Foreign and Domestic View of the Catholic Question is a political pamphlet by Henry Gally Knight, the English antiquary, architectural historian, and Member of Parliament who lived from 1786 to 1846. Knight is now better remembered for his architectural writings, particularly his work on the development of Christian and Islamic architecture in the Mediterranean countries, but he was substantially involved in British political life during the years leading up to the Catholic Emancipation Act of 1829.
The Catholic Question refers to the long British political debate about the legal disabilities that the English Penal Laws had imposed on Roman Catholics since the late seventeenth century. Catholics in England, Wales, Scotland, and Ireland were excluded from voting in parliamentary elections, from sitting in Parliament, from holding most public offices, from various forms of military service above certain ranks, and from various other rights that Protestant British subjects took for granted. The various Penal Laws had been gradually relaxed across the late eighteenth and early nineteenth centuries, with full Catholic emancipation finally arriving in 1829 under the Wellington government following substantial political pressure from Daniel O’Connell and the Irish Catholic Association.
Knight’s pamphlet contributed to the substantial pamphlet literature that the Catholic question generated during the decades when it dominated British political debate. The foreign and domestic view of the title suggests that Knight is taking up the question both in terms of the British internal political situation and in terms of the broader European context within which British Catholic policy was being conducted. The major European Catholic powers were watching British Catholic policy with substantial attention, and the international dimension of the question was one of the substantive arguments that emancipation advocates and opponents both engaged with.
Knight himself was a moderate political figure who served as a Whig and then as a Liberal MP for various constituencies across his career.

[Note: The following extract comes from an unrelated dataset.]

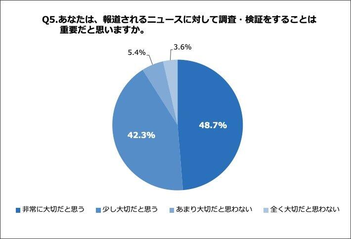 また、「報道されるニュースに対して調査・検証をすることは重要だと思うか」という問いには、「非常に大切だと思う」(48.7%)、「少し大切だと思う」(42.3%)を合わせて9割以上を占めた。「あまり大切だと思わない」(5.4%)、「まったく大切だとは思わない」(3.6%)などと大差がみられた=下の円グラフ参照。

His position on Catholic emancipation was broadly sympathetic, in line with the substantial majority of educated English liberal opinion that increasingly recognised the Penal Laws as anachronistic and counterproductive in the British political situation of the early nineteenth century.
The pamphlet is mostly of interest now to historians of early nineteenth century British political and religious history, particularly to those working on the long road to Catholic emancipation in 1829. It pairs naturally with the substantial broader pamphlet literature of the period.